What the task requires
The lines below, from the one holding "График показывает, что" through the final line, are to be copied exactly, with no other lines and no pictures.

Supplied information
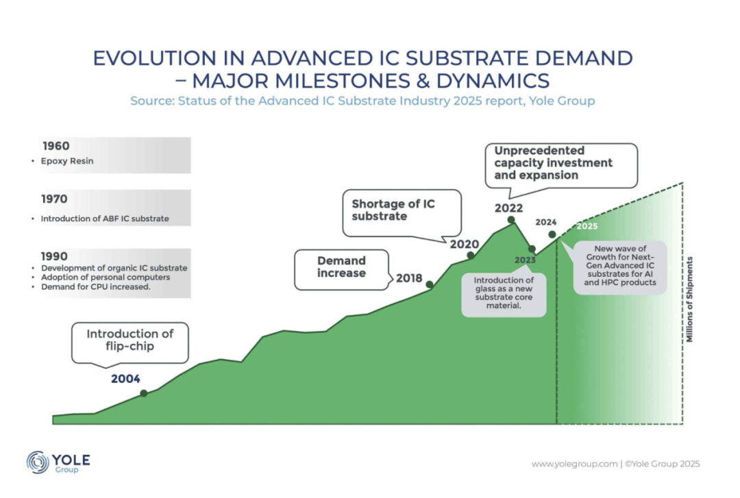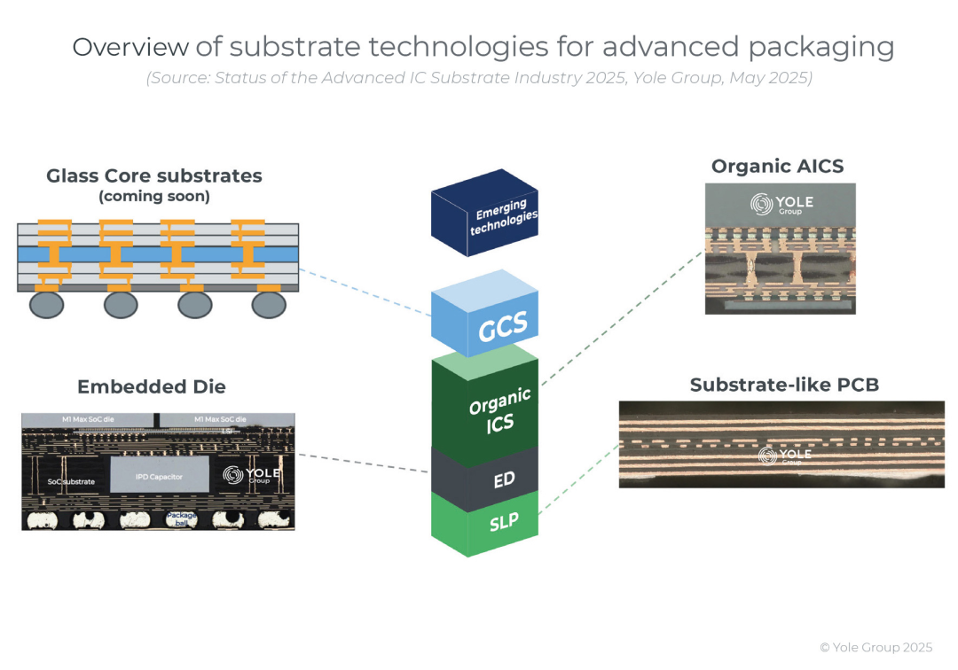 “先进基板技术的格局正在经历多个类别的重大变革。从传统的有机解决方案到新兴的玻璃基架构,2024-2025年标志着基板行业的转型阶段。”Yole强调。
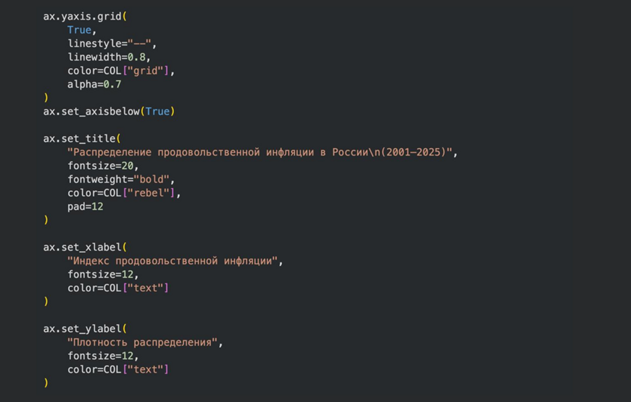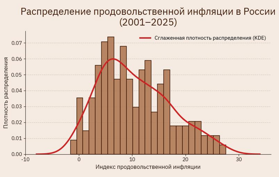 График показывает, что большая часть значений продовольственной инфляции в России сосредоточена в умеренном диапазоне. При этом распределение имеет смещение в сторону более высоких значений, что указывает на периодическое возникновение сильных скачков цен. Сглаженная кривая подчёркивает, что высокая инфляция встречается реже, но остаётся важной частью общей динамики.
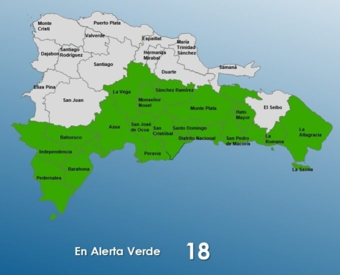 Las provincias en alerta verde son: Peravia, Distrito Nacional, Santo Domingo, Sánchez Ramírez, San Pedro de Macorís, Independencia, La Vega, Monseñor Nouel, San José de Ocoa, Monte Plata, San Cristóbal, Azua, La Altagracia, La Romana, Bahoruco, Barahona, Pedernales y Hato Mayor.

Problem solution
 График показывает, что большая часть значений продовольственной инфляции в России сосредоточена в умеренном диапазоне. При этом распределение имеет смещение в сторону более высоких значений, что указывает на периодическое возникновение сильных скачков цен. Сглаженная кривая подчёркивает, что высокая инфляция встречается реже, но остаётся важной частью общей динамики.
 Las provincias en alerta verde son: Peravia, Distrito Nacional, Santo Domingo, Sánchez Ramírez, San Pedro de Macorís, Independencia, La Vega, Monseñor Nouel, San José de Ocoa, Monte Plata, San Cristóbal, Azua, La Altagracia, La Romana, Bahoruco, Barahona, Pedernales y Hato Mayor.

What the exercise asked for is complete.